MOXのスタッフは少し異変を感じているかもしれない。だっていつもならこの辺で私が可愛く賛同したり話題に噛み付いて行くから。
でも今日は違うんだ。
そんなことを考えていると、わざとぶりっ子していたそのアイドルが髪を切っただけでこの収録に呼ばれていたことに周囲もすこし衝撃を受けているようだった。
「そうなんですよ〜。10センチも切ったんですよ〜?これって女の子にとってすごい変化なんですからね!!」
いや、それすごい変化っていうか
「この前出てたアイドルとキャラも髪型も被ってたから切っただけじゃん。」
一瞬スタジオが静かになった気がした。
あ、もしかしてこれミスっ
「僕も春ちゃんと同意見だわ!!!もっと直すところあっただろ!!」
明野さんの一声で一気に周りが湧いた。
それを機にほかの出演者も動き出す。
「ほんとそうだよ!春ちゃんが言ってなかったら私言おうと思ってたもん!」
「理由がしょうもなさすぎるよな〜!」
これって私が作った流れ、、、?可愛いキャラじゃなくても今できたの、、、よね、、
「春ちゃんなんてMOXに事務所変えてからすっごい大人びたよな!!アイドルの可愛い感じじゃなくて女優みたいだよ!!こころなしか君よりいい匂いするしなあ」
「キャラとか髪型よりまず匂い、ですよね」
私もそれに合わせていく。それだけで笑いがうまれた。
「あ、匂いといえばなさっきマネージャーさんから制汗スプレーもらったんだけど、そのスプレーのこと春ちゃん男臭いってめっちゃディスってたんだよ!!そんなことないよな??僕も結構使うやつなんだけど、ほら俳優さんも使ってるの見るし」
出演してる俳優に同意をとりながら明野さんはスプレーをかける。そしてこの流れはもちろん
「ほら、春ちゃん!いい匂いだよな?」
「無理ですね。死んでください!」
「うそぉ!?」
予想通りの大爆笑コースだった。
その後のダンスも問題なく終え、長かったようなそれでも私にとってものすごく大切な1時間が終わった。
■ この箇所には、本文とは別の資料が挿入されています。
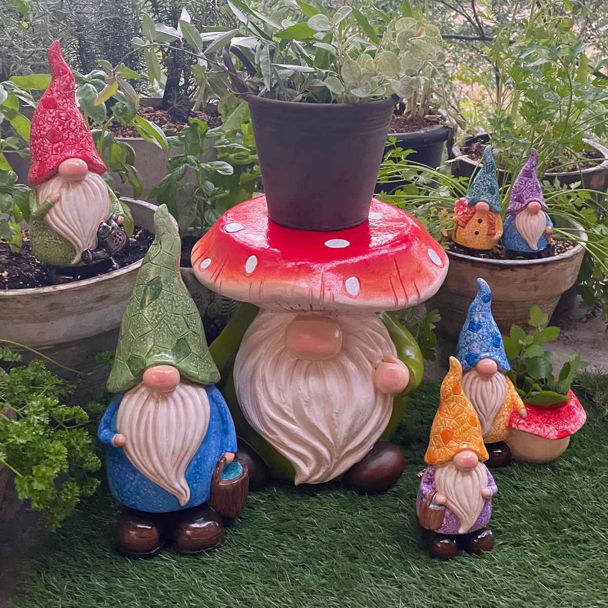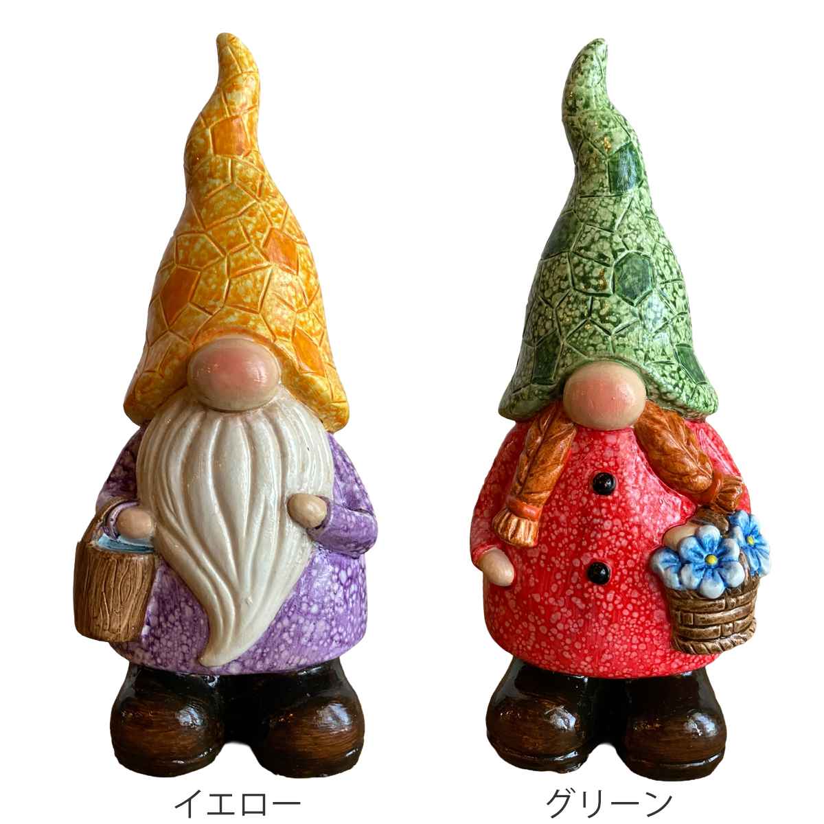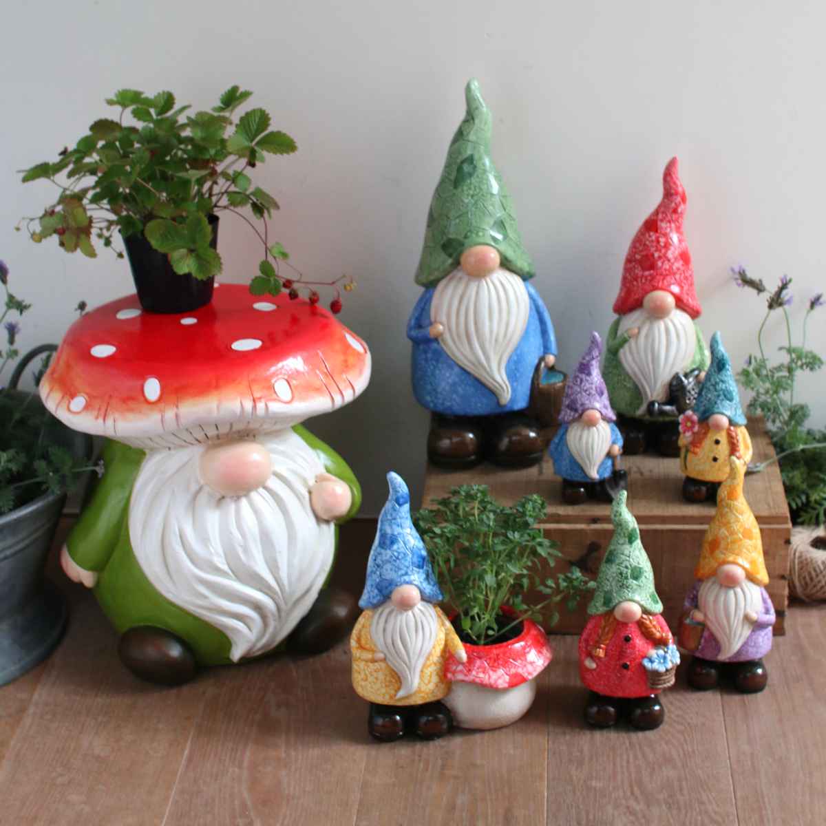 まるで絵本の世界から飛び出してきたような、愛らしいガーデンノームです。カラフルな配色が目に楽しく、置くだけで楽しい空間を演出します。
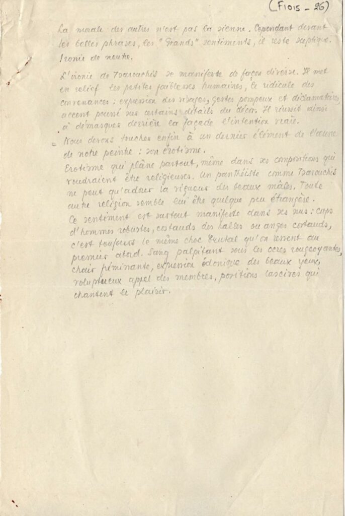 Χειρόγραφο κείμενο του Τώνη Σπητέρη για τον Γιάννη Τσαρούχη, με αφορμή έκθεση του καλλιτέχνη στο Παρίσι. Σκιαγραφείται το πορτραίτο του καλλιτέχνη.
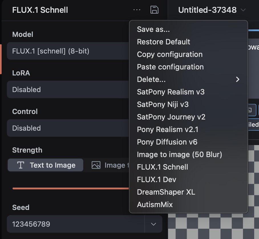 This feature is inspired by the implementation in the DrawThings app for Mac, which already provides a similar capability. Incorporating these dropdown menus would greatly enhance the user experience by making it easier to manage and switch between different models and their respective configurations.
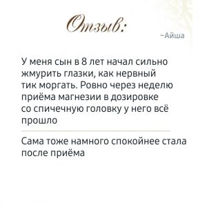 — Чтобы восполнить дефицит — принимаем Магнезию утром. Для воздействия на нервную систему — во вторую половину дня (днем после 16.00 или вечером)
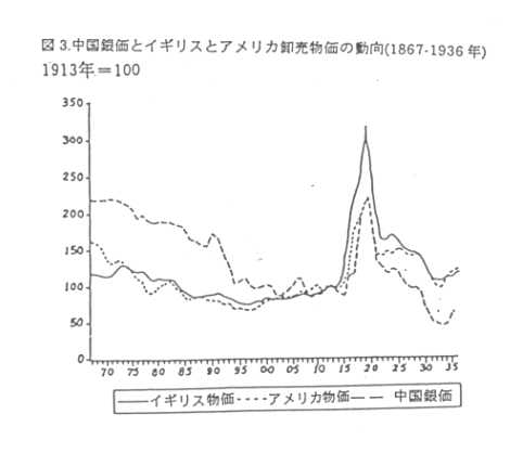 図3 中国銀価とイギリスとアメリカ卸売物価の動向(1867-1936年)
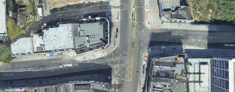 - On the South side of Dalston Lane is Dalston Junction station, with a West-facing bus-stop in front.
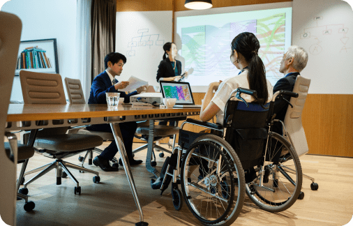 社会課題解決は一人ではできません。さまざまな関係者の思いをくみとり、行政・企業・地域と連携しながら、課題解決につながる商品・サービスや企画を開発します。
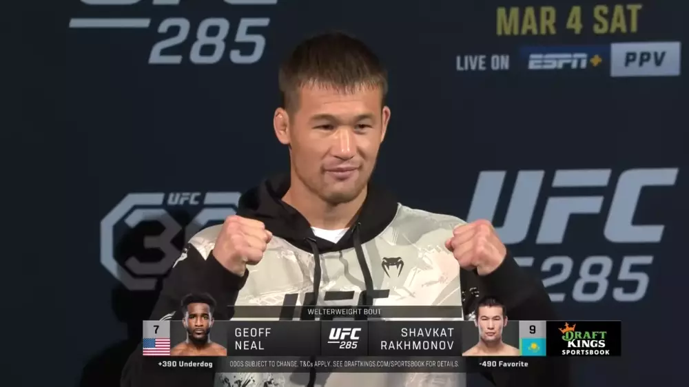 Новостной телеграм-канал "Спорт Шредингера" обратил внимание на символический момент выступления казахстанского файтера Шавката Рахмонова на пресс-сконференции перед боем с американцем Джеффом Нилом на турнире UFC 285 в Лас-Вегасе, передает Tengri Sport.
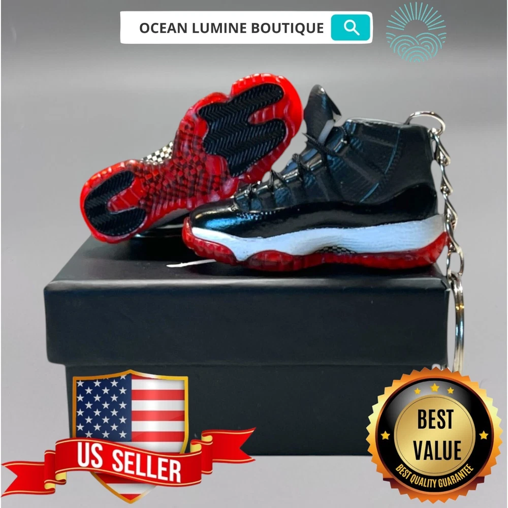 PLEASE READ BEFORE YOU PURCHASE You get the style in the very first pic, if you searching for more styles plz visit my page Handcrafted and hand-painted 3D Mini Sneaker Keychains inspired some of the most coveted sneakers ever produced Materials as ABS Plastic (Soft Plastic) Jordan pin color will be given randomly All Shoe keychain size is about 2 1/2 (L) x 1" (W) x 2" (H) The shoe Tongue is movable, it is not cracked or broken. Random shoe box styles will be given, if you have a preference please get in touch with me. These are all handmade and hand-painted with better paint, if you want to find a lower price please seek lower quality, my key chains are the best quality you can find. We've been selling these key chains for 3+ years, and have the most styles & best quality with super fast shipping. Search OCEAN LUMINE BOUTIQUE on any search engine to visit us! CLICK ME FOR MORE STYLES Disclaimer Product packaging, specifications, and prices are subject to change without notice. All information about the products is provided for information purposes only. Please always read labels, warnings, and directions provided with the product before use. Shipping We will ship all orders within 2 business days of payment, we provide free upgrade USPS shipping service up to 2-DAY Priority if Urgent Contact We can be contacted at any time through eBay messages if you have any questions, comments or product requests. We will respond to you within 24 hours and do our best to help you out! Features and further details 3000+ keychains in stock with up to 400+ styles We do bulk orders with discounts and provide long-term business relationships More styles are available in my shop PP WORLD
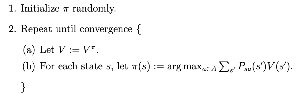 - Loop에선 현재 policy에 대한 value function V를 계산한 후, 그에 따라 policy를 업데이트하는 과정을 반복한다.
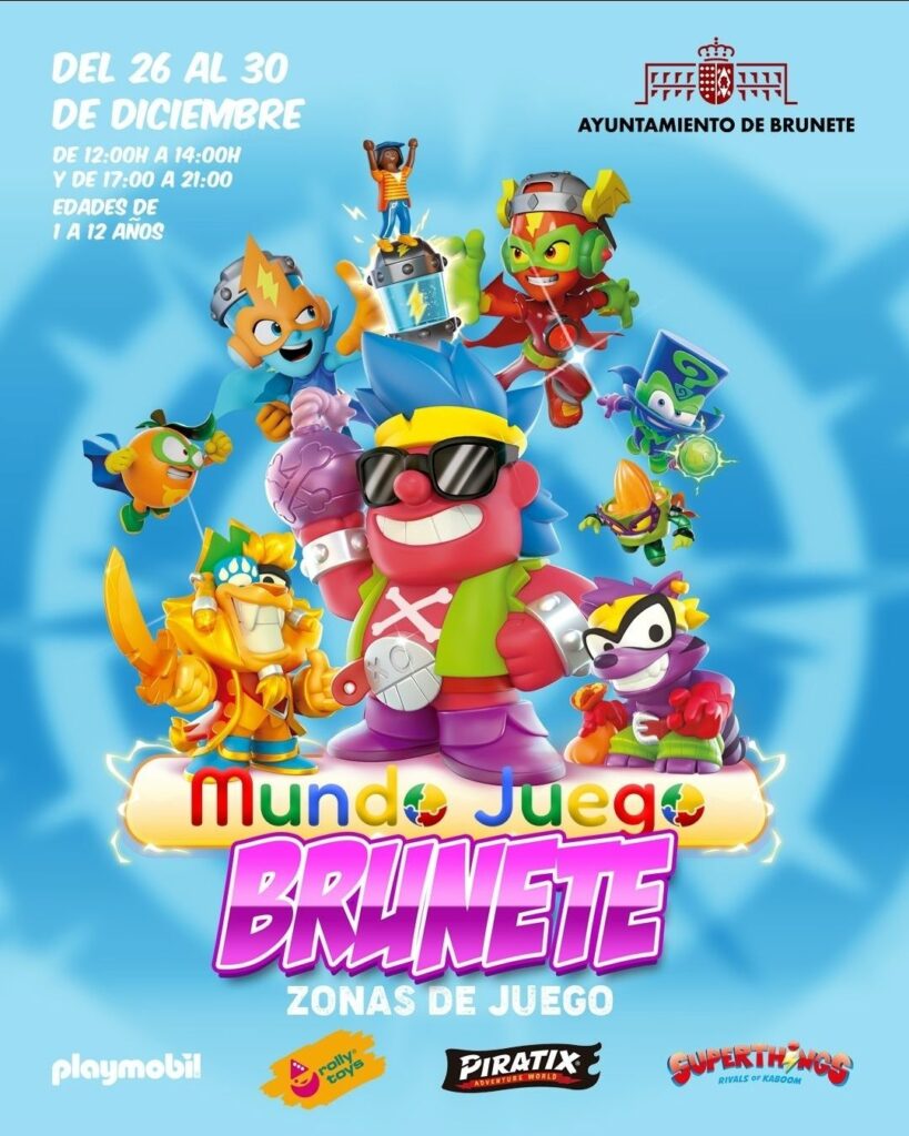 Brunete es una fiesta para los más pequeños en Navidad. Del 26 al 30 de diciembre, de 12 a 14 y de 17 a 21 horas, ponemos a disposición de los niños de 1 a 12 años Mundo juego, con atracciones para todos el el Polideportivo municipal José Ramón de la Morena.

「おつかれ!春ちゃん他のアイドルの子と違ってズパズパ来てくれるからすごいよかったよ!!また次もよろしくね!」
「は、はい!ありがとうございました!!!」
うそ、、今まで司会の人からこんな風に話しかけてもらったことなんて一度もなかった、、、!!これってつまり、、、
「大成功だな!」
肩を叩かれて振り返るとあのマネージャーが拳を突き出しながら笑っていた。
「このグーはなによ」
「え?これ合わせて信頼関係ってできてくんじゃないの?」
「別に信頼とかしてないから」
「えぇ、、、おれ結構なファインプレーしたと思うんだけどな、、」
少し残念そうに項垂れてるのを見て、私は聞いてみることにした。
「ってことはあのスプレーとかって、、」
「あぁ。身だしなみに目が行くのはわかってたから前もってなんか言っておければってな。スプレーなんて出したらお前がディスるのはわかってたし、開始5分前のその会話ならすぐ明野さんも思いつくはずだろ?」
やっぱり。だからあそこでうまくいったのね。
このマネージャーに変更されまくったダンスも衣装も全部ウケが良かった。たぶん暗さがある分毒舌とかも際立った気もするし、、、
「……なんだよ?おれは大成功だと思ったんだけど違ったか?」
「え?、、、あ、いやそうじゃなくて、なんていうかその、、」
な、なんかはずかしい!!こいつにこんなこと言わなきゃいけないなんて、、!、、、でも、助けられたのは本当なのよね、、
だからせめて
「今回は私も、その、大成功だと思ったわよ。あんたのおかげで間違いなく最高のデビューになった、、、だから、、」
「あ、ありがとぅ、、、」
数年ぶりに心から人に感謝を伝えた。
評価とてもやる気になるのでお願いします!!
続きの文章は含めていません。